◆ **Aim of the exercise**
The result should be an exact copy of only the lines from the one with "-listel en terre" through the last line of the data below, with pictures omitted.

◆ **Data block**
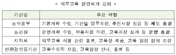 그간 인증농업인 대상 교육은 부정기적이며 단순 전달교육 형식이었으나, 정기적으로 실시되는 의무교육 제도를 통해 친환경농업의 철학과 가치, 변화되는 제도 및 정책 등이 친환경농업 현장에 올바르게 전달되어 정착될 수 있도록 할 계획이다.
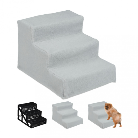 Kutyalépcső 3 lépcsőfok szürke 30x35x45 cm A kutyalépcsővel lehetővé teheti, hogy négylábú barátja kényelmesen fel- és leszálljon a kanapéról vagy az alacsony ágyról. A háziállat lépcsőt egyszerűen neki kell támasztani a megfelelő bútornak, és kedvese ugr
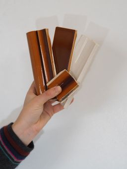 -listel en terre cuite émaillée de type moulure, couleur brun flammé
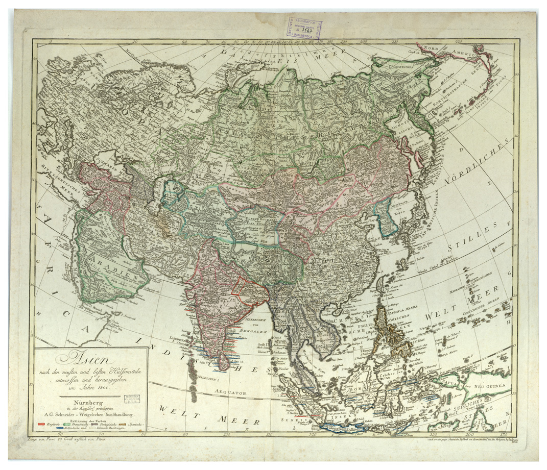 "ASIA-CARTE GENERALI (senza scala) Autore: Schneider Incisione su rame colorato a mano Rappr. Orogr. A tratteggio Inv. SBN 7-3567"

◆ **Task response**
 -listel en terre cuite émaillée de type moulure, couleur brun flammé
 "ASIA-CARTE GENERALI (senza scala) Autore: Schneider Incisione su rame colorato a mano Rappr. Orogr. A tratteggio Inv. SBN 7-3567"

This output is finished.